Wadeye: Failed State as Cultural Triumph
Patrick McCauley, Quadrant, 1 July 2022
The politically expedient and prideful apology from Kevin Rudd to all Aboriginal people on behalf of all Australians angered me. That it was so popular drove me to despair. I cannot shake off the feeling that this current fad amongst left-wing governments (even the Vatican) to apologise for past wrongs is really scraping the very bottom of the “spin” barrel and is in fact a form of political arrogance that will do more to exacerbate past tragedies than to redress them. The inimitable Theodore Dalrymple suggests:
…official apologies for distant events, however important or pregnant with consequences those events may have been … have bad effects on both those who give them and those who receive them.
The effect on the givers is the creation of a state of spiritual pride. Insofar as the person offering the apology is doing what no one has done before him, he is likely to consider himself the moral superior of his predecessors.
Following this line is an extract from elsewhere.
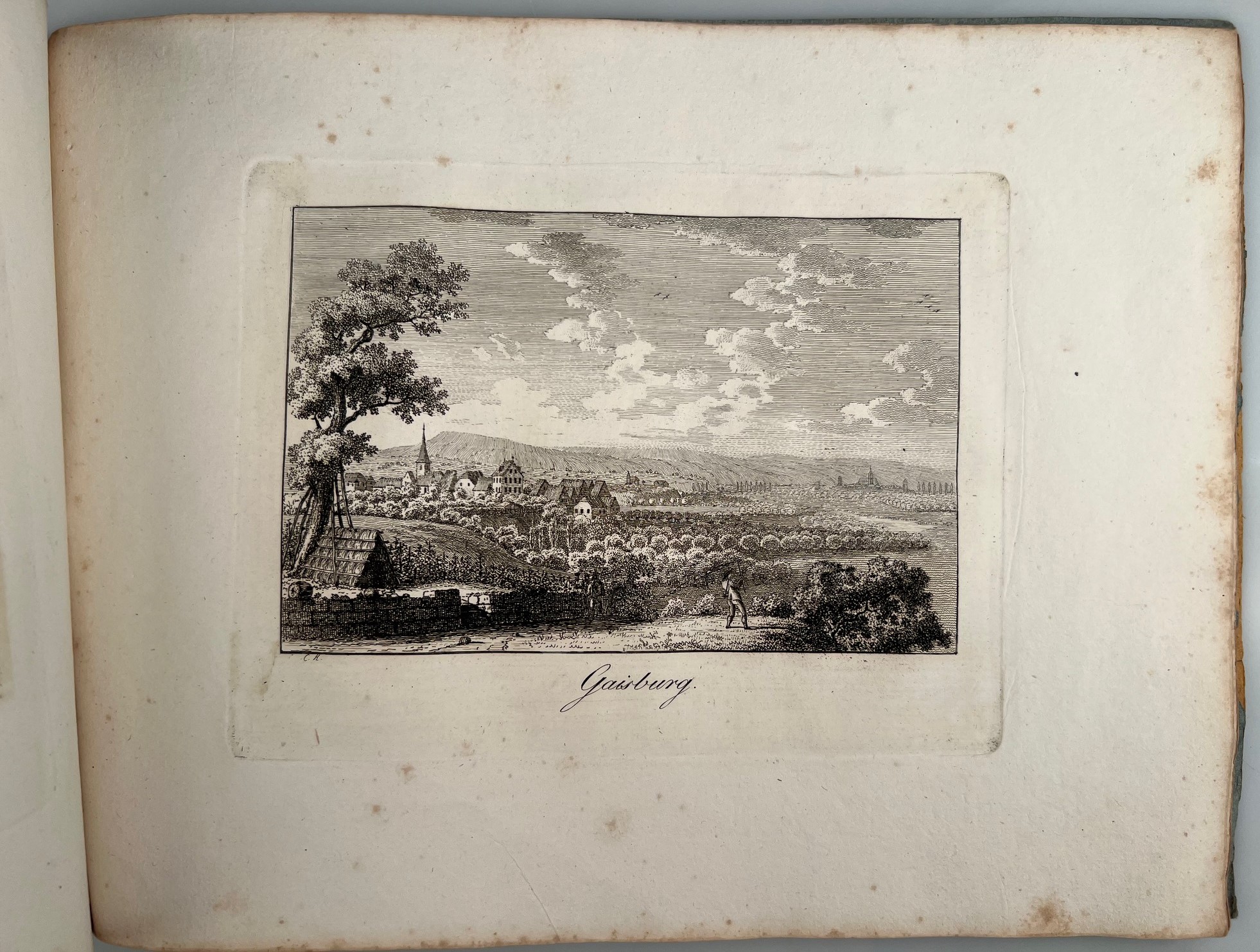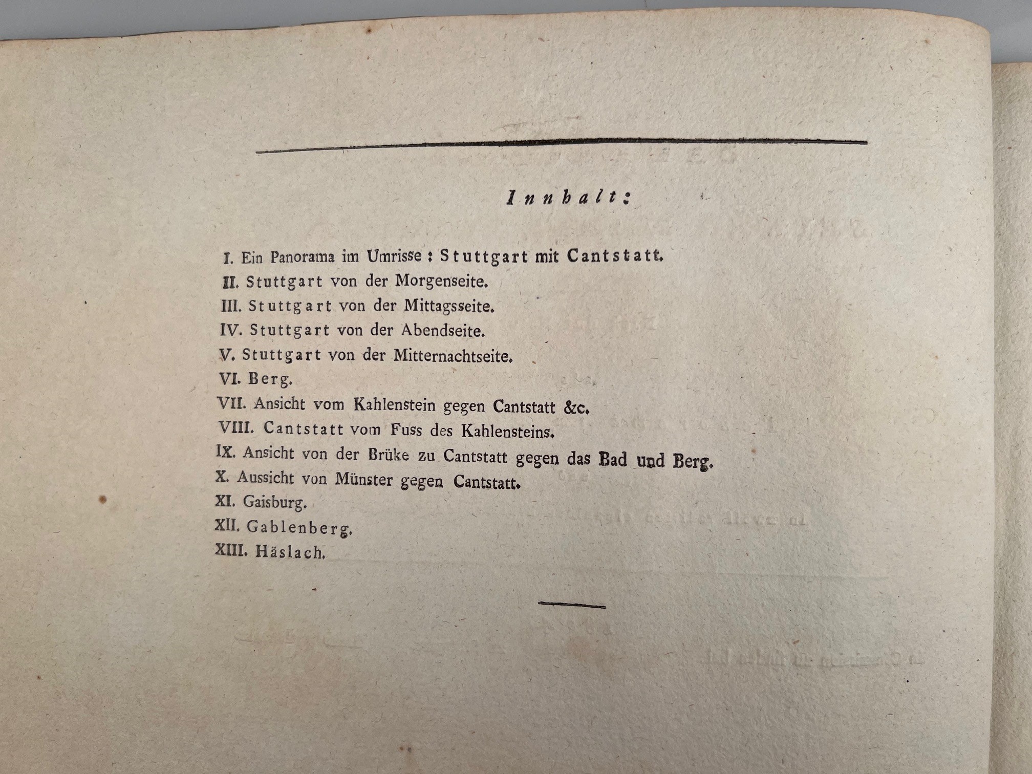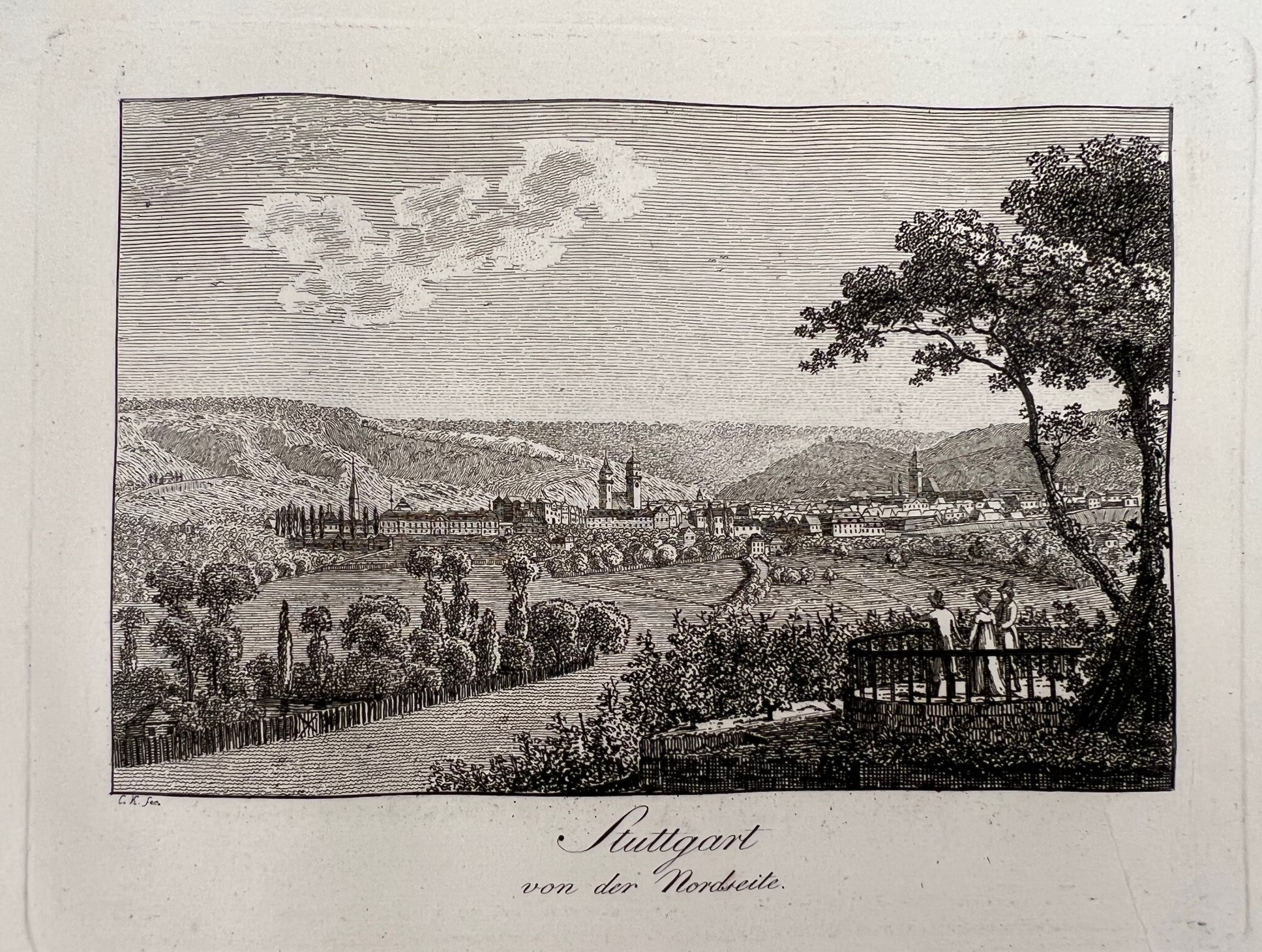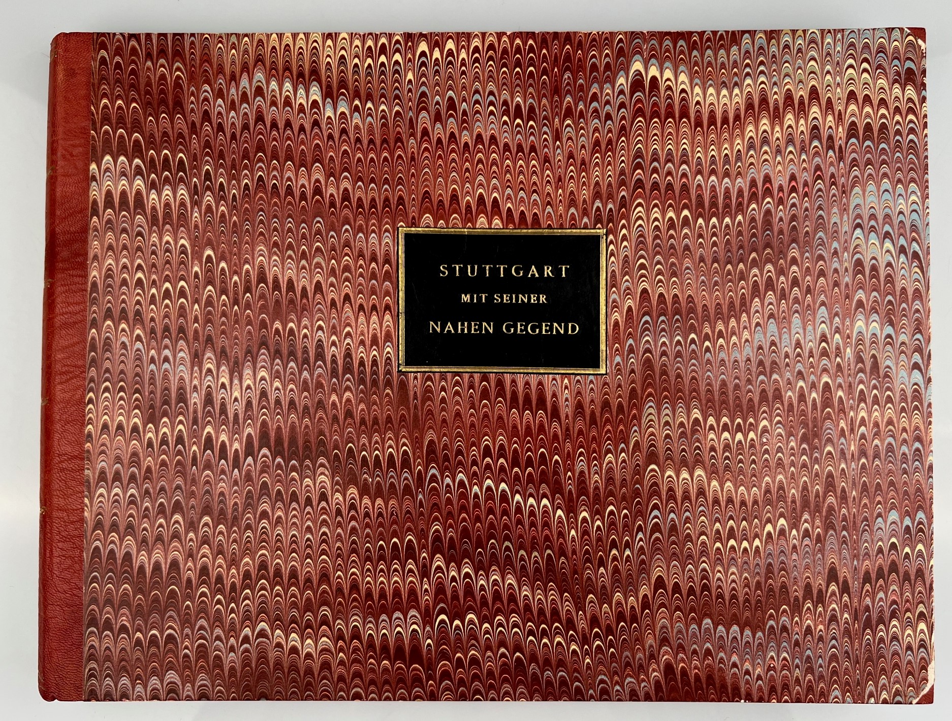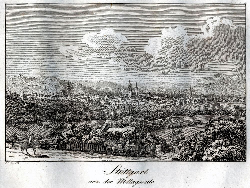 KELLER, C. U.]: Stuttgart mit seiner nahen Gegend. Nach der Natur als Panorama im Umrisse, und in zwölf radirten einzelnen Blättern dargestellt. Stuttgart Loeflund 1804 Quer-Quart. 8 S. 1 Panorama (2 gefalt. Bl.) vom Kahlenstein, 4 Gesamtansichten von Stuttgart, Berg, 3 Ansichten von Canstatt, Münster, Gaisburg, Gablenberg, Heslach. Kaum fleckig, breitrandig. 21/12 Karton der Zeit in späterer Halbleder-Kassette mit goldgeprägtem Deckelschild.

He alone has had the moral insight and courage to apologise.
On the other hand, he knows full well that he has absolutely no personal moral responsibility for whatever it is that he is apologising for. In other words, his apology brings him all kudos and no pain.
Plato defined love as the “desire for the perpetual possession of the good”. The classical Greek thinkers disapproved of compassion—they saw it as a type of pity and doubted its reasonableness and therefore its justice. Nietzsche declared that human beings wallow in pity as swine do in mud—that their pity for others was indistinguishable from their pity for themselves and that they must master their compassion in the name of higher considerations. Perversely, it is the left side of politics that has defined a dreadful orthodoxy based on “the good” as compassion and human rights (equality, equity, positive discrimination, affirmative action, social justice, global ethics) together with a deep and pervasive hatred of the world of civilisation and of men. We are now expected to hate ourselves, our country and Western democracies in general, in order to be considered intelligent and humane beings. In order to love Aboriginal people, we must hate Australia, its history, and Australians.
Yet each man kills the thing he loves,
By each let this be heard,
Some do it with a bitter look,
Some with a flattering word.
The coward does it with a kiss,
The brave man with a sword!
For me, just emerging from two decades of the abuse and discrimination meted out by the Family Law Act, Rudd’s maternalistic apology became a nemesis in a life decimated by this left-wing orthodoxy based on compassion. I had spent several years working with Aboriginal people back in the Seventies before my futile attempts at love under the domestic matriarchy, and so I decided to take a teaching position at the isolated Aboriginal community of Wadeye in the Northern Territory, to see first-hand how the Rousseau-inspired Coombsian theories had played out in reality.